RAW DATA:

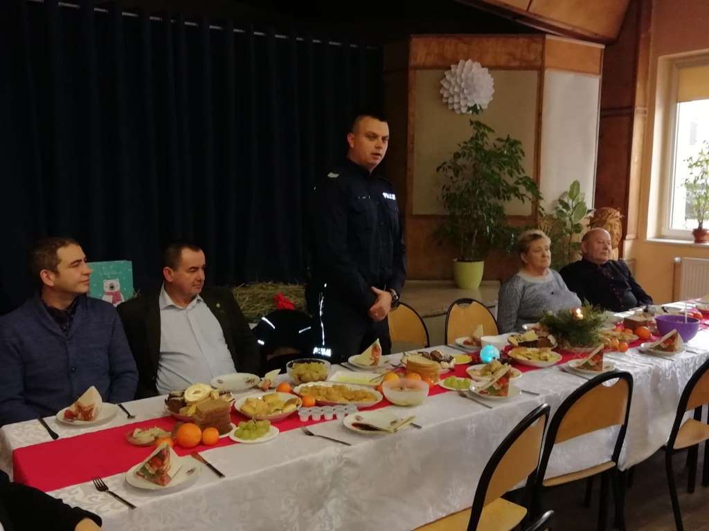 Wśród zaproszonych gości byli: Wójt Gminy Świątki Sławomir Kowalczyk, dzielnicowy Kamil Kania, proboszcz Parafii w Świątkach ks. Eugeniusz Bartusik, sołtys wsi Świątki Marek Wyrębiak, Kierownik Biblioteki Halina Kirjew i pracownicy biblioteki, Dyrektor Przedszkola Dorota Przekop oraz członkowie Rady Parafialnej. Tradycyjnie wszyscy złożyli sobie życzenia i podzielili się opłatkiem. Ciepłe słowa wraz ze świątecznymi życzeniami złożył gościom spotkania Wójt Gminy Świątki Sławomir Kowalczyk.
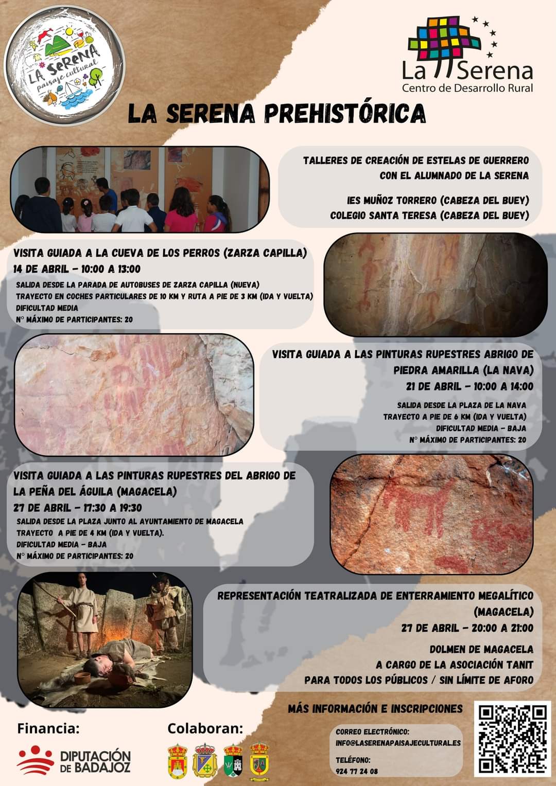 Estas actividades comprenden la realización de talleres de creación de estelas de guerrero en los centros educativos de la localidad de Cabeza del Buey, una serie de visitas a los abrigos de pinturas esquemáticas mejor conservados de La Serena y una representación teatralizada de un enterramiento megalítico, que tendrá lugar en el dolmen de Magacela.
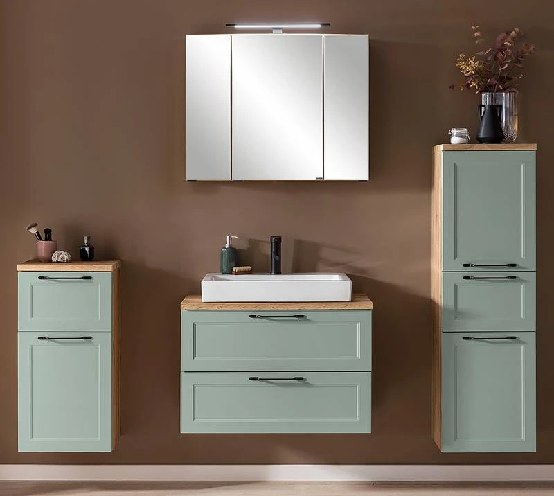 - Salle de bain comprenant 1 meuble avec vasque en céramique, 1 meuble bas, 1 colonne de salle de bain et 1 armoire de toilette avec éclairage intégré
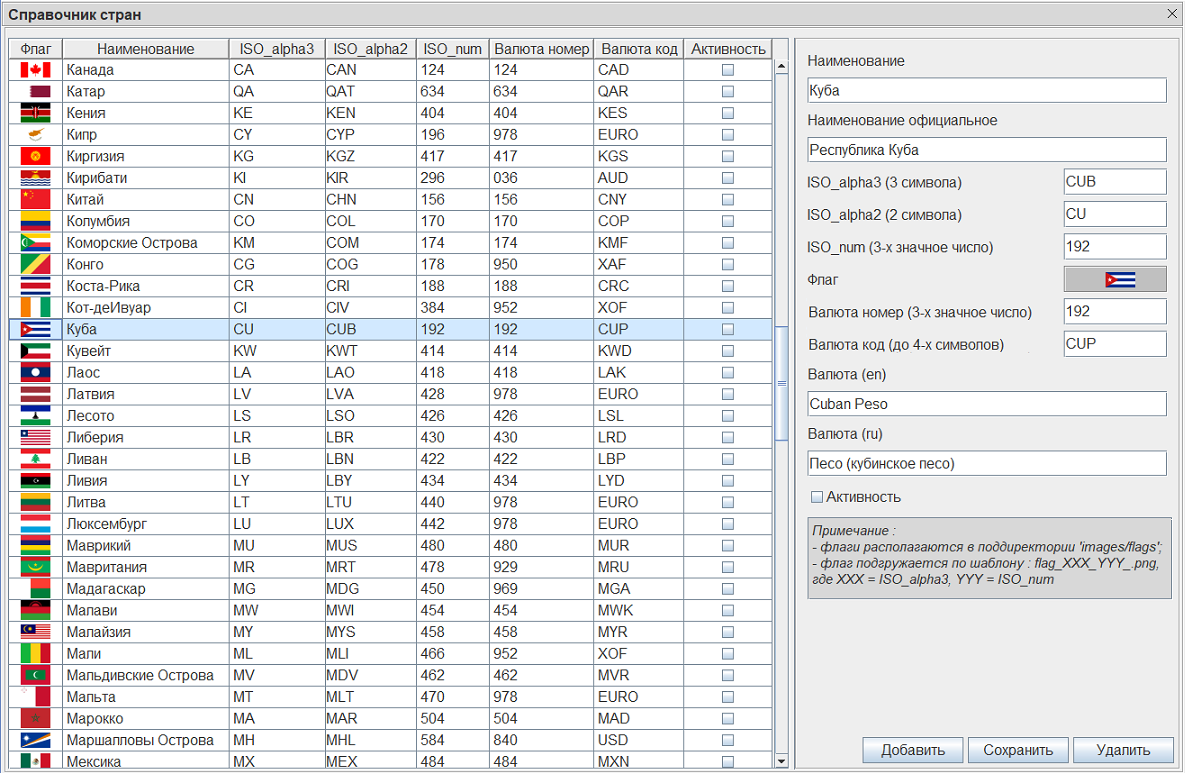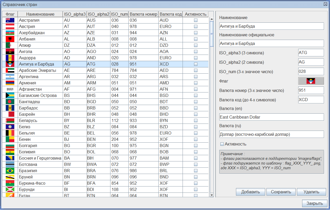 Интерфейсные настройкиРегулируемые настройки интерфейса, связанные с размером диалогового окна, положением сепаратора между таблицей и панелью компонентов, а также размеры колонок таблицы сохраняются и при очередном старте восстанавливаются. Поля записиНаименование и Наименование официальное ISO_alpha3, ISO_alpha2, ISO_num, Валюта номер, Валюта код Флаг Активность Локализация интерфейса и данныхИнтерфейсная форма, предупреждающие сообщения и данные справочника стран локализованы. Модуль list-countries подписан на рассылку сообщения по смене текущего языка локализации jabricks/LocaleEvent. Изменение в приложении JaBricks текущего объекта локализации Locale автоматически переведет интерфейс справочника и данные на новый язык локализации без перезагрузки. Локализованные ресурсы интерфейса модуля включены в бандл. Значение текущего языка локализации модуль получает в утилите управления внешними ресурсами util-resources. Модуль включает три языка локализации : русский, английский, немецкий. Справочная таблица БДЗаписи справочника хранятся в базе данных (БД) в таблице jbt_countries. Для установлени связи с сервером БД list-countries использует модуль util-db, позволяющего взаимодействовать с несколькими разнотипными SQL-серверами. Модуль list-countries включает методы создания таблицы и инициализации справочных записей. При первом (после инсталляции в приложение) старте модуля в БД создается таблица jbt_countries, в таблицу записываются инсталляционные справочные данные. При последующем использовании справочника стран выполняется только проверка наличия таблицы jbt_countries в соответствующей структуре БД. Инсталляционные справочные записи стран модуль загружает в БД из внешнего файла data.init/list_countries.txt.
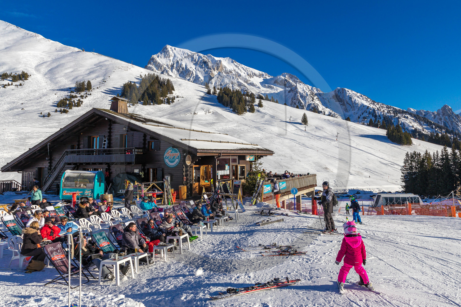 Description | Haute-Savoie, massif des Aravis, Manigod, col de Merdassier, terrasse de restaurant |
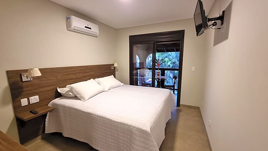 This double room has a flat-screen TV, fridge and desk.
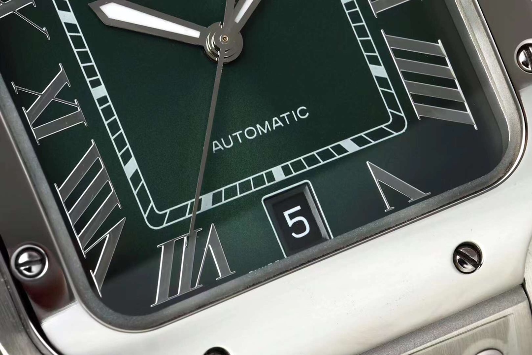 | Cartier Santos 39.8mm Green Black Dial Steel Bezel Steel Strap WSSA0062 Ladies | |
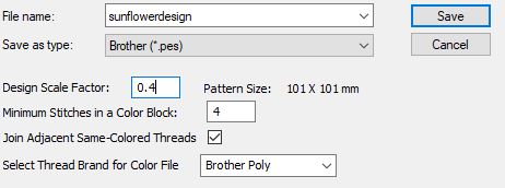 I then saved the file. It originally saved it as a .tif file, but I was immediately prompted to save it as a different file type afterwards. I saved it as a .pes for our embroidery machine. I also scaled it down so that it would be the size I wanted. It automatically saved it as four different files: .tif, .pes, .saf, and .txt.

ASSIGNMENT:
Restate the records above in full, word for word. Keep pictures out.

COMPLETED TASK:
 Wśród zaproszonych gości byli: Wójt Gminy Świątki Sławomir Kowalczyk, dzielnicowy Kamil Kania, proboszcz Parafii w Świątkach ks. Eugeniusz Bartusik, sołtys wsi Świątki Marek Wyrębiak, Kierownik Biblioteki Halina Kirjew i pracownicy biblioteki, Dyrektor Przedszkola Dorota Przekop oraz członkowie Rady Parafialnej. Tradycyjnie wszyscy złożyli sobie życzenia i podzielili się opłatkiem. Ciepłe słowa wraz ze świątecznymi życzeniami złożył gościom spotkania Wójt Gminy Świątki Sławomir Kowalczyk.
 Estas actividades comprenden la realización de talleres de creación de estelas de guerrero en los centros educativos de la localidad de Cabeza del Buey, una serie de visitas a los abrigos de pinturas esquemáticas mejor conservados de La Serena y una representación teatralizada de un enterramiento megalítico, que tendrá lugar en el dolmen de Magacela.
 - Salle de bain comprenant 1 meuble avec vasque en céramique, 1 meuble bas, 1 colonne de salle de bain et 1 armoire de toilette avec éclairage intégré
 Интерфейсные настройкиРегулируемые настройки интерфейса, связанные с размером диалогового окна, положением сепаратора между таблицей и панелью компонентов, а также размеры колонок таблицы сохраняются и при очередном старте восстанавливаются. Поля записиНаименование и Наименование официальное ISO_alpha3, ISO_alpha2, ISO_num, Валюта номер, Валюта код Флаг Активность Локализация интерфейса и данныхИнтерфейсная форма, предупреждающие сообщения и данные справочника стран локализованы. Модуль list-countries подписан на рассылку сообщения по смене текущего языка локализации jabricks/LocaleEvent. Изменение в приложении JaBricks текущего объекта локализации Locale автоматически переведет интерфейс справочника и данные на новый язык локализации без перезагрузки. Локализованные ресурсы интерфейса модуля включены в бандл. Значение текущего языка локализации модуль получает в утилите управления внешними ресурсами util-resources. Модуль включает три языка локализации : русский, английский, немецкий. Справочная таблица БДЗаписи справочника хранятся в базе данных (БД) в таблице jbt_countries. Для установлени связи с сервером БД list-countries использует модуль util-db, позволяющего взаимодействовать с несколькими разнотипными SQL-серверами. Модуль list-countries включает методы создания таблицы и инициализации справочных записей. При первом (после инсталляции в приложение) старте модуля в БД создается таблица jbt_countries, в таблицу записываются инсталляционные справочные данные. При последующем использовании справочника стран выполняется только проверка наличия таблицы jbt_countries в соответствующей структуре БД. Инсталляционные справочные записи стран модуль загружает в БД из внешнего файла data.init/list_countries.txt.
 Description | Haute-Savoie, massif des Aravis, Manigod, col de Merdassier, terrasse de restaurant |
 This double room has a flat-screen TV, fridge and desk.
 | Cartier Santos 39.8mm Green Black Dial Steel Bezel Steel Strap WSSA0062 Ladies | |
 I then saved the file. It originally saved it as a .tif file, but I was immediately prompted to save it as a different file type afterwards. I saved it as a .pes for our embroidery machine. I also scaled it down so that it would be the size I wanted. It automatically saved it as four different files: .tif, .pes, .saf, and .txt.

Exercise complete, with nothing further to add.